Disclaimer: this assumes v0.11 ksqldb and cli (seems like much of this might not work in older versions)
Example of two tables from two database instances that stream into Kafka topics:
-- source identity microservice (postgres)
CREATE TABLE public.user_entity (
id varchar(36) NOT NULL,
first_name varchar(255) NULL,
PRIMARY KEY (id)
);
-- ksql stream
CREATE STREAM stream_user_entity WITH (KAFKA_TOPIC='cdc.identity.public.user_entity', value_format='avro');
-- source organization microservice (postgres)
CREATE TABLE public.user_info (
id varchar(36) NOT NULL,
user_entity_id varchar(36) NOT NULL,
business_unit varchar(255) NOT NULL,
cost_center varchar(255) NOT NULL,
PRIMARY KEY (id)
);
-- ksql stream
CREATE STREAM stream_user_info WITH (KAFKA_TOPIC='cdc.application.public.user_info', value_format='avro');
Option 1 : Streams
CREATE STREAM stream_user_info_by_user_entity_id
AS SELECT * FROM stream_user_info
PARTITION BY user_entity_id
EMIT CHANGES;
SELECT
user_entity_id,
first_name,
business_unit,
cost_center
FROM stream_user_entity ue
LEFT JOIN stream_user_info_by_user_entity_id ui WITHIN 365 DAYS ON ue.id = ui.user_entity_id
EMIT CHANGES;
Notice WITHIN 365 DAYS
, conceptually these tables could go a very long time without being changed so this window would be technically infinitely large. This looks fishy and seems to hint that this is not a good way to do this.
Option 2 : Tables
CREATE TABLE ktable_user_info_by_user_entity_id (
user_entity_id,
first_name,
business_unit,
cost_center
)
with (KAFKA_TOPIC='stream_user_info_by_user_entity_id', value_format='avro');
SELECT
user_entity_id,
first_name,
business_unit,
cost_center
FROM stream_user_entity ue
LEFT JOIN ktable_user_info_by_user_entity_id ui ON ue.id = ui.user_entity_id
EMIT CHANGES;
We no longer need the window WITHIN 365 DAYS
, so this feels more correct. However this only emits a change when a message is sent to the stream not the table.
In this example: User updates first_name -> change is emitted User updates business_unit -> no change emitted
Perhaps there might be a way to create a merged stream partitioned by the user_entity_id and join to child tables which would hold the current state, which leads me to....

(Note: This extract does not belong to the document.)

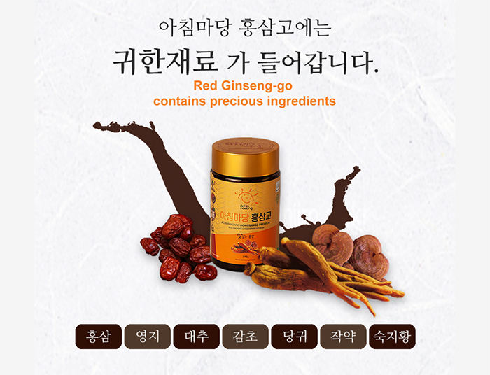 Thành phần: Chiết xuất hồng sâm (hàm lượng rắn 1%, xuất xứ Hàn Quốc) 10% Chiết xuất hồng sâm tẩm đường (hồng sâm Hàn Quốc 70%, fructose 25%, oligosacarit 5%, hàm lượng rắn 67% trở lên) 50% Chiết xuất hỗn hợp thực vật 40% Chiết xuất hỗn hợp thực vật: Trần bì (Hàn Quốc) 11%, Gừng (Trung Quốc) 11%, Địa hoàng (Trung Quốc) 11%, Ngải cứu, Bạch chỉ, Linh chi, Xà sàng, Hoàng kỳ, Táo đỏ, Cam thảo, Mẫu đơn.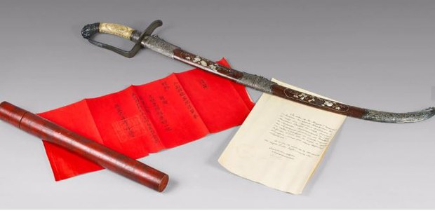 Trong số các bảo vật được đem bán đấu giá có thanh kiếm của vua Hàm Nghi (trị vì 1884-1885) tặng Tướng Brière de l’Isle (tổng chỉ huy quân đội viễn chinh Pháp ở Việt Nam, sau này là Thống đốc Senegal) vào năm 1885.

Option 3 : Merged stream and tables
-- "master" change stream with merged stream output
CREATE STREAM stream_user_changes (user_entity_id VARCHAR)
WITH (KAFKA_TOPIC='stream_user_changes', PARTITIONS=1, REPLICAS=1, VALUE_FORMAT='avro');
INSERT INTO stream_user_changes SELECT id as user_entity_id FROM stream_user_entity;
INSERT INTO stream_user_changes SELECT user_entity_id FROM stream_user_info;
CREATE STREAM stream_user_entity_by_id
AS SELECT * FROM stream_user_entity
PARTITION BY id
EMIT CHANGES;
CREATE TABLE ktable_user_entity_by_id (
id VARCHAR PRIMARY KEY,
first_name VARCHAR
) with (KAFKA_TOPIC='stream_user_entity_by_id', value_format='avro');
SELECT
uec.user_entity_id,
ue.first_name,
ui.business_unit,
ui.cost_center
FROM stream_user_entity_changes uec
LEFT JOIN ktable_user_entity_by_id ue ON uec.user_entity_id = ue.id
LEFT JOIN ktable_user_info_by_user_entity_id ui ON uec.user_entity_id = ui.user_entity_id
EMIT CHANGES;
This one looks the best, but appears to have a lot of moving components for each table we have 2 streams, 1 insert query, 1 ktable. Another potential issue here might be a hidden race condition where the stream emits the change before the table is updated under the covers.
Option 4 : More merged tables and streams
CREATE STREAM stream_user_entity_changes_enriched
AS SELECT
ue.id AS user_entity_id,
ue.first_name,
ui.business_unit,
ui.cost_center
FROM stream_user_entity_by_id ue
LEFT JOIN ktable_user_info_by_user_entity_id ui ON uec.user_entity_id = ui.user_entity_id
EMIT CHANGES;
CREATE STREAM stream_user_info_changes_enriched
AS SELECT
ui.user_entity_id,
ue.first_name,
ui.business_unit,
ui.cost_center
FROM stream_user_info_by_user_entity_id ui
LEFT JOIN ktable_user_entity_by_id ue ON ui.user_entity_id = ue.id
EMIT CHANGES;
CREATE STREAM stream_user_changes_enriched (user_entity_id VARCHAR, first_name VARCHAR, business_unit VARCHAR, cost_center VARCHAR)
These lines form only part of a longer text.